The Swiss Federal Office of Transport (BAV) has published its progress report on the railway development programmes. It presents updates about important Swiss railway infrastructure projects.
They are: the New Rail Link through the Alps (NRLA, Neue Eisenbahn-Alpentransversale – NEAT), high-speed rail links, the Future Development of the Railway Infrastructure (ZEB) programme, the 4-metre corridor and the Development Phase 2025 (Ausbauschritt 2025). The report also provides insights into the status of works relating to noise reduction, the introduction of the European Train Control System ETCS and major projects such as CEVA and the new Albula Tunnel.
All of these programmes are making good progress.
By expanding the rail network, Switzerland can introduce additional train services step-by-step. The most significant improvements took place last year as part of the 4th partial expansion of the S-Bahn Zurich and the first stage of the Léman Express in the Geneva region. It was the infrastructure developments within the ZEB programme and the construction of CEVA in Geneva that largely made these successes possible.
It is also thanks to the ZEB programme that double-decker trains can now run on the main line through the Valais canton (Lausanne-Martigny-Brig). Since the new timetable came into effect in December, the reinstatement of the Delle-Belfort line as part of the programme to connect more places to the high-speed network has benefited Swiss passengers in that they have now got direct connections to the TGVs in Belfort-Montbéliard.
The key construction progress of 2018 was the break-through of the Eppenberg Tunnel between Aarau and Olten. This project is funded by the Future Development of the Railway Infrastructure programme.
There was progress within the other programmes as well. For example, the guarantees and final works had to be put in place for the Gotthard Base Tunnel in order to fully finish the tunnel and the connections to the main line in line with the Swiss government’s requirements. These works also mean that full service levels are now possible.

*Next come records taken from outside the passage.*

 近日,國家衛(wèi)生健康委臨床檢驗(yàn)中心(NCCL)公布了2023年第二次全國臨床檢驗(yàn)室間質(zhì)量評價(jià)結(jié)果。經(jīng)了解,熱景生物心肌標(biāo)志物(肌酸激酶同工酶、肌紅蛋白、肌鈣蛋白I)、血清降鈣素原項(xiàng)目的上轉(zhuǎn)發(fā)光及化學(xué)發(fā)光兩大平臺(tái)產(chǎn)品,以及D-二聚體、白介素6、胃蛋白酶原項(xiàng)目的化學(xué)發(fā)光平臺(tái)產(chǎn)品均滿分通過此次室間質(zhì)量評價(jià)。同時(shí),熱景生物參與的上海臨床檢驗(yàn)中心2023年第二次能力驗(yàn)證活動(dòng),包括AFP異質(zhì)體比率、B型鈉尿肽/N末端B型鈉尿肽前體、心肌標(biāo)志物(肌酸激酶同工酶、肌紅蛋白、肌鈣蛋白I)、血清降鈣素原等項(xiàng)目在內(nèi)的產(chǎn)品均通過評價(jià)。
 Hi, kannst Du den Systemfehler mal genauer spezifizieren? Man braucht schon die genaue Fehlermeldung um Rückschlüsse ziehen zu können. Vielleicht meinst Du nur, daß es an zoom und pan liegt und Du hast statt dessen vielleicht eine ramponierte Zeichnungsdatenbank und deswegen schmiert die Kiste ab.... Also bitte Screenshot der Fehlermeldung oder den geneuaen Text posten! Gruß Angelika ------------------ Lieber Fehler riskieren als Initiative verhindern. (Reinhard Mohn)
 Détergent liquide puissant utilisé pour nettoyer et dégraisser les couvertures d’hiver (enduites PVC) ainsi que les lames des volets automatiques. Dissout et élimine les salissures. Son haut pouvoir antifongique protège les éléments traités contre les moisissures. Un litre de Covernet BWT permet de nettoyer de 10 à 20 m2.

The New Rail Link through the Alps is a major infrastructure project. It consists of three new base tunnels through the Alps as well as the development of access lines. This will provide better connections between northern and southern Switzerland. It will also connect the country more closely to the rest of Europe. The Lötschberg Base Tunnel has been open since 2007. The Gotthard Base Tunnel opened in 2016. At 57km it is the longest railway tunnel in the world. In 2020 the NRLA will be complete, when the Ceneri Base Tunnel opens. For passengers the NRLA will shorten travel times between the north and south by around one hour. For freight, the new rail link encourages a modal shift away from road.

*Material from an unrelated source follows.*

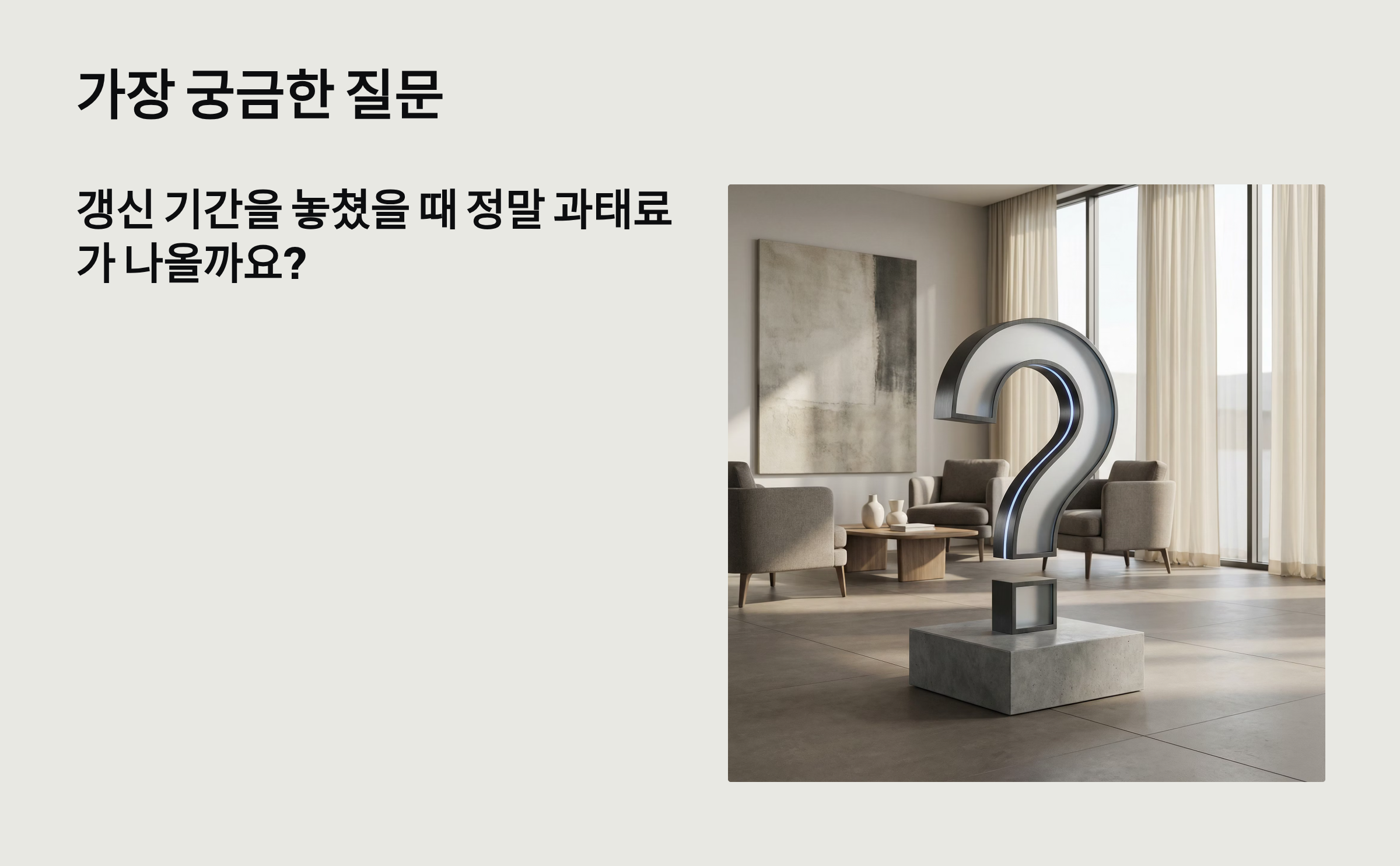 여기가 많은 분들이 궁금해하는 부분입니다. 갱신 기간을 놓쳤을 때 정말 과태료가 나올까요? 정확한 답변을 드리겠습니다.

The ZEB programme is the successor to ‘Bahn 2020’. It comprises a nationwide package of infrastructure measures worth 5.4 billion Swiss francs. The ZEB programme will create the necessary conditions for the deployment of 400-metre double-decker trains on the West-East Axis via Bern. It will also mean double-decker trains can run on the Lausanne-Brig line in Valais. Furthermore, this programme will enable more frequent services on a number of long-distance and regional routes. Lastly, the ZEB programme entails measures on the access routes to the Gotthard and Ceneri Base Tunnels that will allow more freight volumes on these lines. For example: one of the infrastructure measures in the ZEB programme is the creation of the new Eppenberg Tunnel, which will create a four-line corridor.

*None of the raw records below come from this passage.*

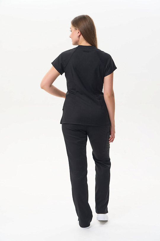 Куртка женская, п/прилегающего силуэта, без застежки, с разрезами в боковых швах. Куртка без воротника с V-образной горловиной с планками. Полочка с боковыми накладными карманами фигурной формы. Спинка с талевыми вытачками. Рукав реглан, короткий. Горловина спинки и полочки с планкой из рибаны, по левому внутреннему боковому карману также планка из рибаны.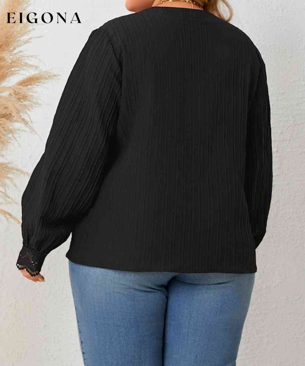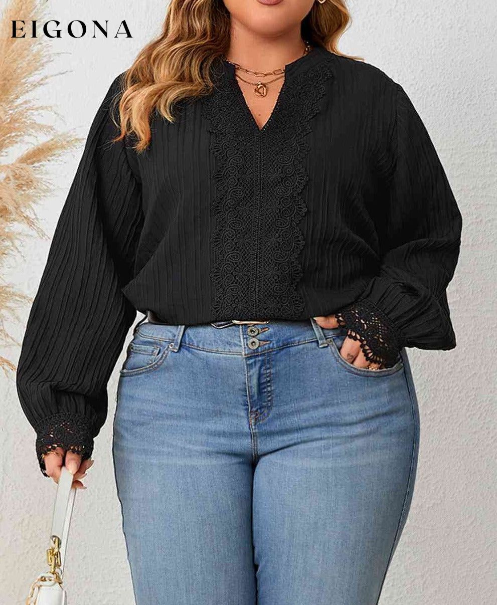 Plus Size Notched Neck Lace Detail Blouse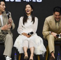 배우 김태리(가운데)가 23일 오전 서울 영등포구 콘래드 서울 그랜드볼룸에서 열린 영화 '외계+인' 제작발표회에 참석해 인터뷰하며 발을 구르고 있다. /윤웅 기자 외계+인 '엄지 척!'.[더팩트ㅣ윤웅 기자] 배우 김태리(가운데)가 23일 오전 서울 영등포구 콘래드 서울 그랜드볼룸에서 열린 영화 '외계+인' 제작발표회에 참…
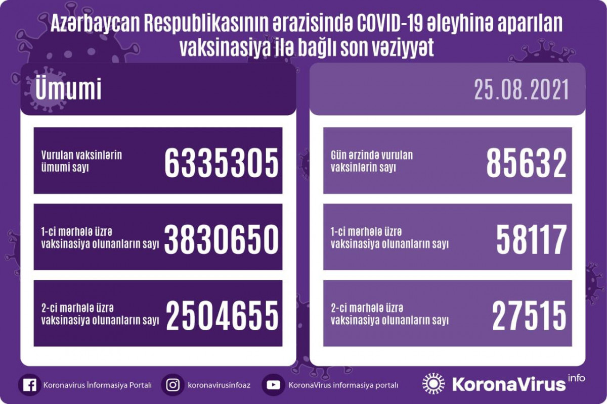 Ölkədə vurulan vaksinlərin ümumi sayı 6335305, birinci mərhələ üzrə vaksinasiya olunanların ümumi sayı 3830650, ikinci mərhələ üzrə vaksinasiya olunanların sayı isə 2504655 təşkil edir.

The 4-metre corridor relates to freight transports. New lorries with semi-trailers that have a 4-metre corner height can transport greater freight volumes than their lower counterparts. And some routes are 4-metre capable. For example, the Lötschberg route, and the Gotthard and Ceneri base tunnels on the Gotthard route are. Consequently, these routes are capable of combined transport. However, a number of tunnels, platform roofs and other facilities on access routes are not yet 4-metre capable.
In response, the Swiss parliament has set aside 990 million Swiss francs to create a 4-metre corridor on the Gotthard route. The hope is that this corridor will increase the modal shift to rail on the two NRLA routes – the Lötschberg and the Gotthard.
The 4-metre corridor will be finished by the end of 2020.
Importantly, these rail transports must be possible beyond the Swiss border. As a result, works on the 4-metre corridor extend into Italy.
62 percent of the Swiss people voted in favour of FABI – the programme to finance and develop the country’s rail infrastructure – in a referendum in 2014. In connection with FABI the Development Phase 2025 of the Strategic Development Programme for Rail Infrastructure (STEP) was passed. It comprises development works worth 6.4 billion Swiss francs and is being implemented alongside the Future Development of the Railway Infrastructure programme.
the Development Phase 25 programme will get rid of bottlenecks in the rail network of SBB and private operators. It will also increase capacity on the network. As a result, this programme addresses the increasing demand for rail services.